Valentine Colasante, vivo sulle punte e punto sul relax
La (fresca) nuova étoile dell’Opéra di Parigi ha genitori e cuore italiani. Ma da vera giramondo della danza, Valentine Colasante ha molti luoghi dell’anima. Da Roma in giù.
Ha cominciato a ballare a sei anni e a sognare l’Opéra a sette. «Per mesi chiesi a mia madre di portarmi a un balletto. Alla fine assistemmo a una rappresentazione del Don Chisciotte. E subito sognai di interpretare un giorno una di quelle donne dal carattere forte, mediterraneo». Lo scorso 5 gennaio Valentine Colasante era proprio Kitri, nel Don Chisciotte, con la stessa coreografia di Rudolf Nureyev che aveva visto da bambina. E alla fine dello spettacolo, a sorpresa, Aurélie Dupont, direttrice della compagnia all’Opéra di Parigi, è salita sul palcoscenico: ha annunciato al pubblico che lei, Valentine, era stata nominata étoile. Come ha reagito? Mi sono chiesta se fosse davvero realtà. E ho pianto. Proprio lei, che ha fama di avere una grinta incredibile, si è commossa? Sono una donna e una ballerina di temperamento, un’appassionata. Ma sono anche sensibile e voglio dimostrarlo. Nel balletto mi hanno associata spesso a ruoli con tanto carattere, ma adesso sto cominciando a interpretarne di più romantici. È nata a Parigi ma suo padre è romano (pianista di jazz) e sua mamma milanese (insegnante di danza). Cosa c’è d’italiano in lei? Se guardo ai miei amici francesi, mi rendo conto che nella mia famiglia siamo più uniti. So che posso contare davvero molto sui miei genitori, su mio fratello e su mia sorella. È una vera giramondo della danza. Città preferita? Roma, senza dubbio, anche rispetto a Parigi. Poi mi piacciono tanto anche New York, Tokyo e Sydney. Ma alla fine Roma resta la città del cuore. Perché? Mi ricorda mia nonna, che ora non c’è più: Luciana, un raggio di sole. Viveva dietro al Colosseo, dove
vado ancora spesso. Lì mi conoscono tutti, ho i miei luoghi rituali, pure la pizzeria al taglio.
Un luogo che consiglia a chi visita Roma?

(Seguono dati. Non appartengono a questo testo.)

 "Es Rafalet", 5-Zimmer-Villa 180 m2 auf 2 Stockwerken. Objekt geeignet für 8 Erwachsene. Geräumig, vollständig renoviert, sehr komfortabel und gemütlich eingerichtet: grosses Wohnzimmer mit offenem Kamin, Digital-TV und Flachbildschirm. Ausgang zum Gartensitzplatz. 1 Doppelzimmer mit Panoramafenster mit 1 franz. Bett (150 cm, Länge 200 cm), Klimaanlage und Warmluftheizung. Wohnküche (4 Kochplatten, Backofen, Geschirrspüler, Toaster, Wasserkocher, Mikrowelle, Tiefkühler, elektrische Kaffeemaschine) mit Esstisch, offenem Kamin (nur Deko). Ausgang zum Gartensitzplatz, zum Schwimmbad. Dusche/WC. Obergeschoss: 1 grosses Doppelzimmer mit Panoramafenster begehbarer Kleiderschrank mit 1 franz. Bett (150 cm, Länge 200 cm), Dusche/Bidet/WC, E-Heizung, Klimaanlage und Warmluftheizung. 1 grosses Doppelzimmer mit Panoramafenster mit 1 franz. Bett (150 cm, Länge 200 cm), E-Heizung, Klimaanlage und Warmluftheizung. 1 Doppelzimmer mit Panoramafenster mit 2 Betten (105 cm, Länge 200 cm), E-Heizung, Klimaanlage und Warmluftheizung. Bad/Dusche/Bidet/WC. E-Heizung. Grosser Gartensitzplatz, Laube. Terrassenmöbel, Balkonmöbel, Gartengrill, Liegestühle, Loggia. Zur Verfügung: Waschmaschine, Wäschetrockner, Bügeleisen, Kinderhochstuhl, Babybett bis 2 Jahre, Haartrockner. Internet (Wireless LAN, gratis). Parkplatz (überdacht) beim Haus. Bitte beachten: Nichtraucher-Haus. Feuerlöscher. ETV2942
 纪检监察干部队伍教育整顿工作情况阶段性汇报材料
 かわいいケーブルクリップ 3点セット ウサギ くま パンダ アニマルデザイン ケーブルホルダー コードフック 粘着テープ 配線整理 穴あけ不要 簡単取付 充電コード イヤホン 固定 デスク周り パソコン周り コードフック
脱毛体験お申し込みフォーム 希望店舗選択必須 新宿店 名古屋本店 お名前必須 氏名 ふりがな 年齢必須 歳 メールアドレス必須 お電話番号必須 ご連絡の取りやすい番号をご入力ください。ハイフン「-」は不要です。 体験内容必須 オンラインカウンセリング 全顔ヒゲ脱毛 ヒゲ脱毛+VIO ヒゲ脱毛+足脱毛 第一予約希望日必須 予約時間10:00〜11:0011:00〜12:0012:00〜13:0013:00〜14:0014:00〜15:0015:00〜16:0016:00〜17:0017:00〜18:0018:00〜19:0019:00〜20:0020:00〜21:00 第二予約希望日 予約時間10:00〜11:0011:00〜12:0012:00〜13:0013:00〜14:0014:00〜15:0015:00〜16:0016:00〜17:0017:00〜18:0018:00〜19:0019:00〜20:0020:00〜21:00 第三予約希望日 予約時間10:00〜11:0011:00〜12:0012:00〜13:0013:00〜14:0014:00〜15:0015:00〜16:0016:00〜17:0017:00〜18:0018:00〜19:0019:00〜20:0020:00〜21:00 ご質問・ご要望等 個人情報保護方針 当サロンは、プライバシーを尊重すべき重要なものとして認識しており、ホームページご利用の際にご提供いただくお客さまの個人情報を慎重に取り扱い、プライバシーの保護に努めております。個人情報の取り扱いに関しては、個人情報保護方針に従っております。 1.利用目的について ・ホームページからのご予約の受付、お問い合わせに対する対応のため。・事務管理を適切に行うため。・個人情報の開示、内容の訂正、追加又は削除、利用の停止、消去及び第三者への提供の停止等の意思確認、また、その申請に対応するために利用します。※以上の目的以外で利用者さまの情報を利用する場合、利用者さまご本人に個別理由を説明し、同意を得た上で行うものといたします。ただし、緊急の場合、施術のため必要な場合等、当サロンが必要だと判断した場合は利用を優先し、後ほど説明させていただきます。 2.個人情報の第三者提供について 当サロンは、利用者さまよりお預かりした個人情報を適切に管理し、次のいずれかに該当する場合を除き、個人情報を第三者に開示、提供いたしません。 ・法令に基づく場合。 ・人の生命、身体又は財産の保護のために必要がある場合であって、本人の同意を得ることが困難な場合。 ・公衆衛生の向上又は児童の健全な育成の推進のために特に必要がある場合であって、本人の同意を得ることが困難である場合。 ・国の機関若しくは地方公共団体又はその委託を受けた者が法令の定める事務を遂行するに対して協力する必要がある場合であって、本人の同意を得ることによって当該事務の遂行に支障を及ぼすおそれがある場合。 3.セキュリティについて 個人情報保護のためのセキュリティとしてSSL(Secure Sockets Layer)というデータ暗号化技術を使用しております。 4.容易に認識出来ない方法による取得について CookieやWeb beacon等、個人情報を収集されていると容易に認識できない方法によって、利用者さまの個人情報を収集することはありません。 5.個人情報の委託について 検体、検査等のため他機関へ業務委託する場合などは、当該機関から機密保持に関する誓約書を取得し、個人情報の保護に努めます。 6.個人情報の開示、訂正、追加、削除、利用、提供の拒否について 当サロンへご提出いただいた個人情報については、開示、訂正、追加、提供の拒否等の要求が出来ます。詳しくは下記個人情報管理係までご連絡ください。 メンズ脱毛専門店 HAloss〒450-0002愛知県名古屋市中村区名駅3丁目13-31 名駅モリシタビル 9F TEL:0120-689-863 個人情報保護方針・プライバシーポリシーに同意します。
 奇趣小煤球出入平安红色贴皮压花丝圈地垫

Il buco della serratura sull’Aventino, da dove si vede il Cupolone.
E uno a Parigi?
Il quartiere dove abito, intorno a rue des Martyrs, e da lì su fino a Montmartre, perché a me piace la vecchia Parigi. A parte un’eccezione.
Quale?
La Philarmonie, opera di Jean Nouvel. Mi appassiona non tanto per l’architettura, quanto per l’atmosfera e per l’acustica, che è perfetta.
La sera quali altri luoghi frequenta?
La Closerie des Lilas, una brasserie dove ogni tanto si esibisce anche mio padre. E Il professore, ristorante italiano originale e sofisticato.
Una étoile può permettersi di essere golosa ?
Mangio poco, ma voglio mangiare bene. Sono anche una brava cuoca.
Cavalli di battaglia?
Cannelloni con ricotta e spinaci. E involtini di carne: rigorosamente con la salvia dentro.
Quale musica ascolta?
Classica: Chopin è il mio preferito. E tanto jazz. Sono una fan di Nina Simone. E negli ultimi tempi ascolto spesso Gregory Porter.
Il luogo sperduto dove si ricarica?
Una casa vicino a Perros-Guirrec, sulla costa di granito rosa della Bretagna. È così riposante: lì finalmente mi posso annoiare. E annoiarsi, per un’iperattiva come me, è molto salutare.
Nella danza quali sono i suoi coreografi preferiti?
Per il classico Nureyev, che è difficile, ma alla fine ti dà una sensazione di libertà. Poi, nel contemporaneo, Pina Bausch. Ho interpretato di recente Eletta, nella sua versione di La sagra della primavera. Emotivamente ha sbloccato tante cose in me. La Bausch ti mette a nudo, in senso proprio e figurato. Non pensavo di poterlo fare fino a quel punto. E invece ci sono riuscita.